Exercise description: Among the entries that follow, locate the line with "Bound Hockey Jersey" and the line with "九阳/Joyoung 0氟珐琅瓷釜电饭煲家用电饭锅4L升多功能锅杂粮快煮饭智能预约 4L大容量". Output those lines and all lines in between, exactly, minus the pictures.

Records to process:
* * * * *

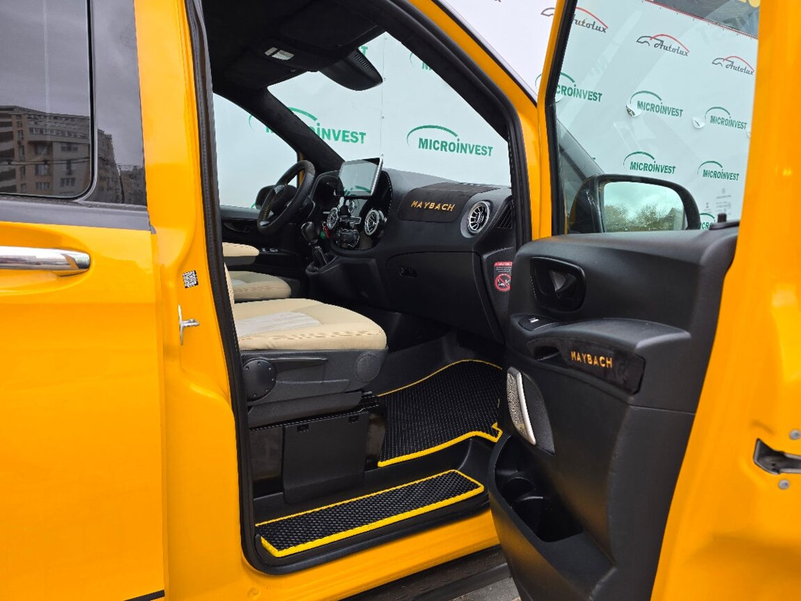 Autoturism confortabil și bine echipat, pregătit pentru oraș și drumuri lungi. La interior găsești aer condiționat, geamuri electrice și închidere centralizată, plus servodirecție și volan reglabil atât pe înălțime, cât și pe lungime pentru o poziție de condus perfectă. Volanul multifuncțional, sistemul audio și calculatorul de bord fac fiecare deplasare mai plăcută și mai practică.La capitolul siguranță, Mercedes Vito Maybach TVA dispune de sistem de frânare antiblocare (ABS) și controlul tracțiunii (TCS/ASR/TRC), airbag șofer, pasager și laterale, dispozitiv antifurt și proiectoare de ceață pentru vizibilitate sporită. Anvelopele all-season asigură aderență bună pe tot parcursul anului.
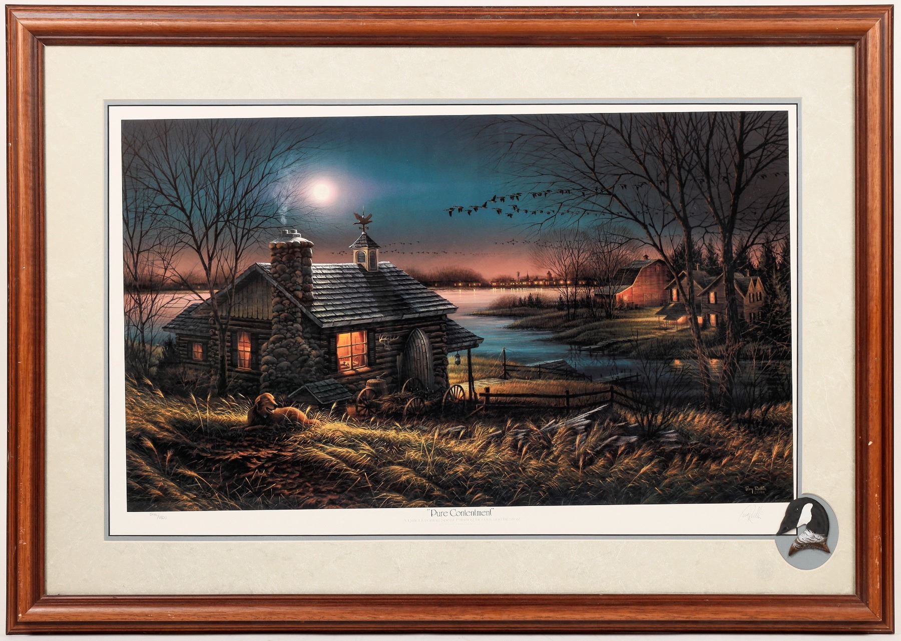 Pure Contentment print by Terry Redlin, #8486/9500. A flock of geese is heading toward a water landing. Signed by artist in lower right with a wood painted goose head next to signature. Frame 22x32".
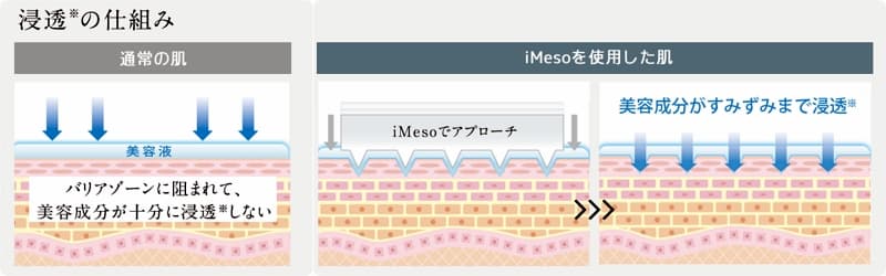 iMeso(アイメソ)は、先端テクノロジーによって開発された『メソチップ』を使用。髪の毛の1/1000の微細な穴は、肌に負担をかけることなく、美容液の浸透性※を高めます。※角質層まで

* * * * *

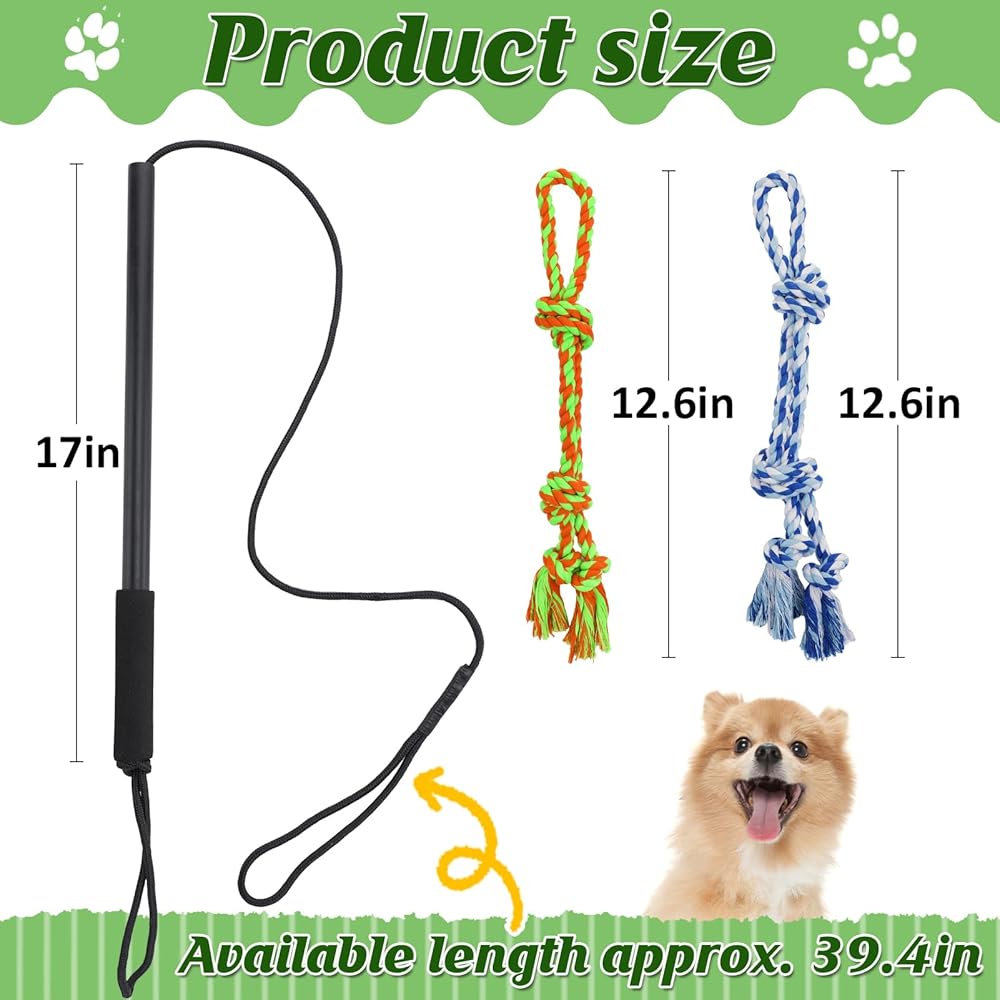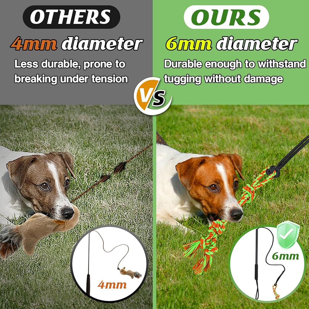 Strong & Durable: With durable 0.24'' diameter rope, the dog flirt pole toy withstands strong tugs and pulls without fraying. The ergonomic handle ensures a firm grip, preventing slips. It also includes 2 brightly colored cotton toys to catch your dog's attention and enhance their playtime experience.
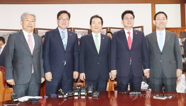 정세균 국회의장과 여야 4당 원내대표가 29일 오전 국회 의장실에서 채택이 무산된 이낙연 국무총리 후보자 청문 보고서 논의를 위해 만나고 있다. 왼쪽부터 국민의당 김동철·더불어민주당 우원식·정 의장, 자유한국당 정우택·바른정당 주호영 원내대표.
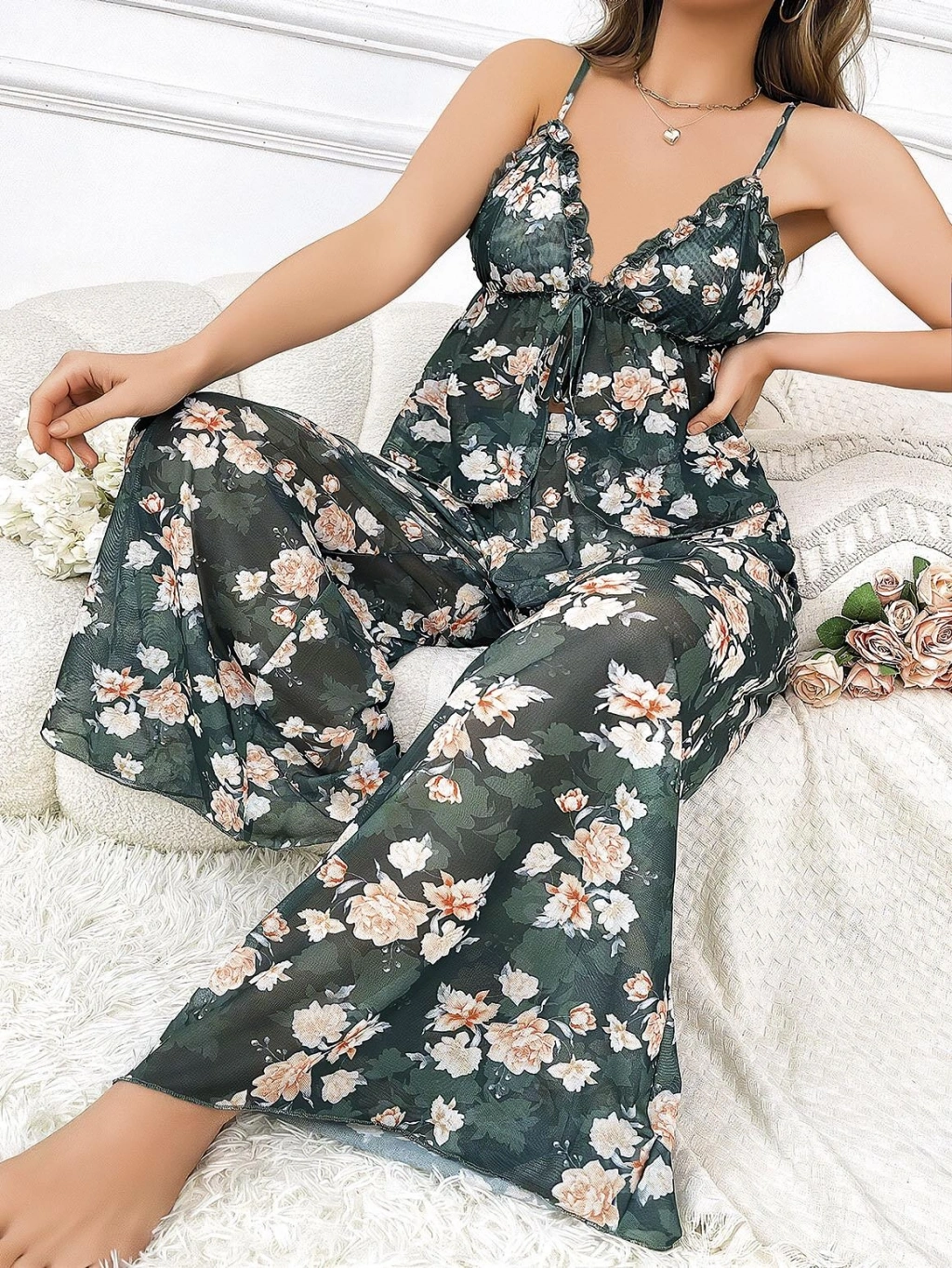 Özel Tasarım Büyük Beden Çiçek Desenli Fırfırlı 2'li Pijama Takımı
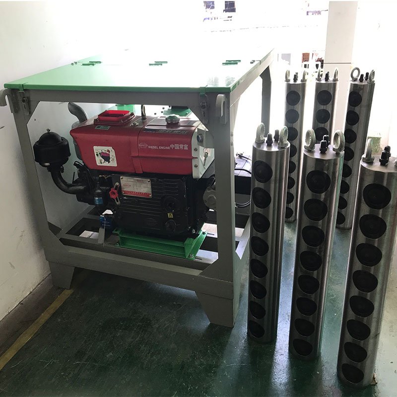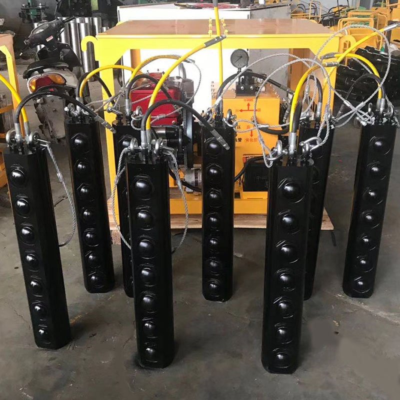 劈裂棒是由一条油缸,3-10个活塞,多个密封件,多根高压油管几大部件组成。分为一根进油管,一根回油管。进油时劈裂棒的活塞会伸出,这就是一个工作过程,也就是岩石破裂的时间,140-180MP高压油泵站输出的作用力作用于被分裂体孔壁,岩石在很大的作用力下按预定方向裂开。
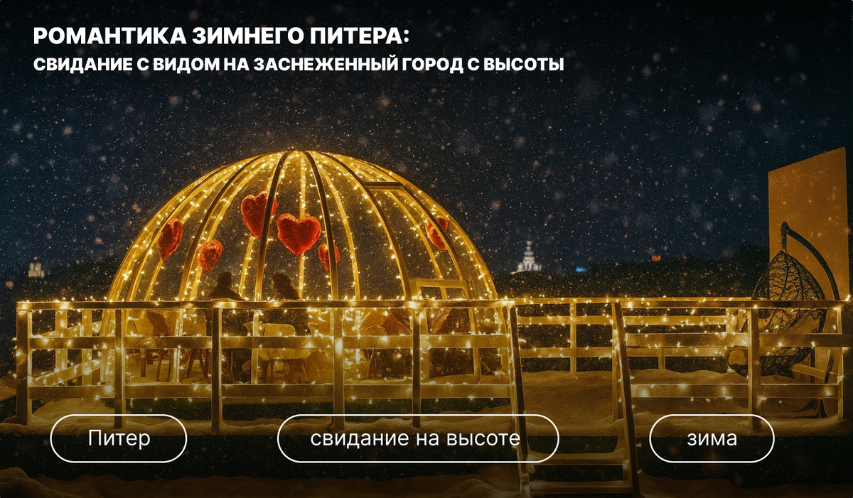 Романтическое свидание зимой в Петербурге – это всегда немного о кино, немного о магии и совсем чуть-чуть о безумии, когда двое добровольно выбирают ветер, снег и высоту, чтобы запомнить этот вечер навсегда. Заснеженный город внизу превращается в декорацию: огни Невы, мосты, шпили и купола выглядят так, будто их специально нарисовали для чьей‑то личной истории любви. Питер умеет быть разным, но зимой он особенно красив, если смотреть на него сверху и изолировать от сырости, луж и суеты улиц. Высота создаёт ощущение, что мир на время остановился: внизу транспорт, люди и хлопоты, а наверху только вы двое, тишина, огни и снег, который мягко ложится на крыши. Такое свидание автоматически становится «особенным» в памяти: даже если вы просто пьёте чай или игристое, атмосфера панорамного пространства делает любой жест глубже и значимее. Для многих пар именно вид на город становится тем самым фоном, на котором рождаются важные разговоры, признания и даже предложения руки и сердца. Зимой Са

* * * * *

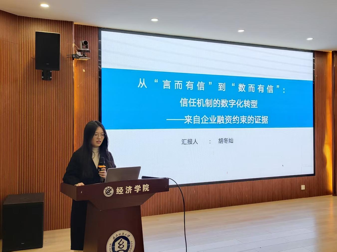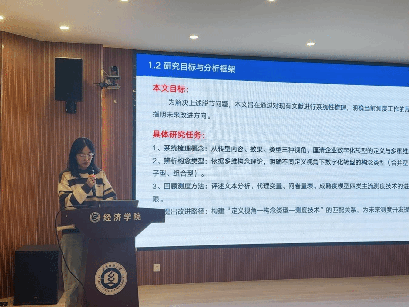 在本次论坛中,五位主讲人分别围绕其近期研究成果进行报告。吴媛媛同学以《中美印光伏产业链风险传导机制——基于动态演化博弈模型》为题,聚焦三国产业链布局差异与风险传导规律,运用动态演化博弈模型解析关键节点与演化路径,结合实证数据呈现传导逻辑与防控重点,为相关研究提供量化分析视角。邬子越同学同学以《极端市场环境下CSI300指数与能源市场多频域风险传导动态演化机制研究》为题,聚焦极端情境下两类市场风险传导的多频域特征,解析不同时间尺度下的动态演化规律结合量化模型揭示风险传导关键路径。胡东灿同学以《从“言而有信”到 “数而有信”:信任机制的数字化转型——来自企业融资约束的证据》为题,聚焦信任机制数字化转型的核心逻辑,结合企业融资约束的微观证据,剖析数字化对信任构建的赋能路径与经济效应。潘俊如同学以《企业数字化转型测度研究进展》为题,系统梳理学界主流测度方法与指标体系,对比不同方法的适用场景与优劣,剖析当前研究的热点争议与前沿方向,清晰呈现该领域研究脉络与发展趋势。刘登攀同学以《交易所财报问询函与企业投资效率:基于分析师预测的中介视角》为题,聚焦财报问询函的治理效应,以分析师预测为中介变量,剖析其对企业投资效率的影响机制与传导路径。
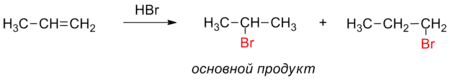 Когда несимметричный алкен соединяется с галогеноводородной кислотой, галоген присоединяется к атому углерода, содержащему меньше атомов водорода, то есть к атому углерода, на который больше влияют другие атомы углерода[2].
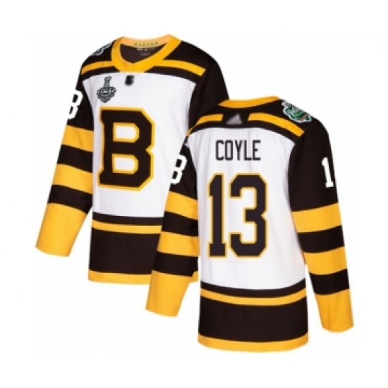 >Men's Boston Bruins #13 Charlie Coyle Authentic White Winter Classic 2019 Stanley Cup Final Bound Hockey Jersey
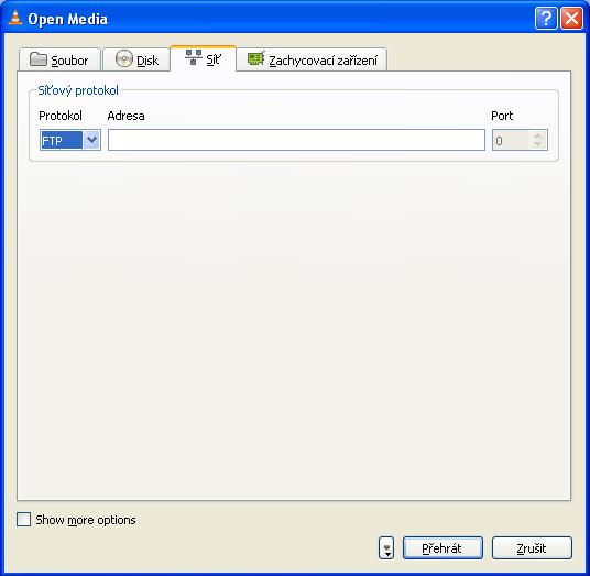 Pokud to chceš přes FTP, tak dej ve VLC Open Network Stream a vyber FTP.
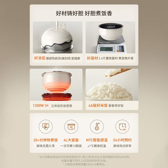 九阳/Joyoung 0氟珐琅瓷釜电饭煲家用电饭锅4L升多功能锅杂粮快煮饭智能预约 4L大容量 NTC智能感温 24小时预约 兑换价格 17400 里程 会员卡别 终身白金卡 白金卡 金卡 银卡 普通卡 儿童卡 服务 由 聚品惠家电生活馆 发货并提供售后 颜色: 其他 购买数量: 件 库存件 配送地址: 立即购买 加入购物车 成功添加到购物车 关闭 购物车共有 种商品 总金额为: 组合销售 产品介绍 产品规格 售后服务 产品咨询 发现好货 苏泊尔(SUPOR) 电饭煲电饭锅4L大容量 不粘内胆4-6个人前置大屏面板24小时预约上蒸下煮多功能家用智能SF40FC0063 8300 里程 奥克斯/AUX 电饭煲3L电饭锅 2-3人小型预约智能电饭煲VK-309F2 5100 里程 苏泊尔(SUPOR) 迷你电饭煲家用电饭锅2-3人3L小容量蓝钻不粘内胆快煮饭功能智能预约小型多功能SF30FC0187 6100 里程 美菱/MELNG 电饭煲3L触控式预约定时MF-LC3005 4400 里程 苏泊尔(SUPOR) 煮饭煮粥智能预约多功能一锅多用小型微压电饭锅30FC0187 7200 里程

* * * * *

Output:
 >Men's Boston Bruins #13 Charlie Coyle Authentic White Winter Classic 2019 Stanley Cup Final Bound Hockey Jersey
 Pokud to chceš přes FTP, tak dej ve VLC Open Network Stream a vyber FTP.
 九阳/Joyoung 0氟珐琅瓷釜电饭煲家用电饭锅4L升多功能锅杂粮快煮饭智能预约 4L大容量 NTC智能感温 24小时预约 兑换价格 17400 里程 会员卡别 终身白金卡 白金卡 金卡 银卡 普通卡 儿童卡 服务 由 聚品惠家电生活馆 发货并提供售后 颜色: 其他 购买数量: 件 库存件 配送地址: 立即购买 加入购物车 成功添加到购物车 关闭 购物车共有 种商品 总金额为: 组合销售 产品介绍 产品规格 售后服务 产品咨询 发现好货 苏泊尔(SUPOR) 电饭煲电饭锅4L大容量 不粘内胆4-6个人前置大屏面板24小时预约上蒸下煮多功能家用智能SF40FC0063 8300 里程 奥克斯/AUX 电饭煲3L电饭锅 2-3人小型预约智能电饭煲VK-309F2 5100 里程 苏泊尔(SUPOR) 迷你电饭煲家用电饭锅2-3人3L小容量蓝钻不粘内胆快煮饭功能智能预约小型多功能SF30FC0187 6100 里程 美菱/MELNG 电饭煲3L触控式预约定时MF-LC3005 4400 里程 苏泊尔(SUPOR) 煮饭煮粥智能预约多功能一锅多用小型微压电饭锅30FC0187 7200 里程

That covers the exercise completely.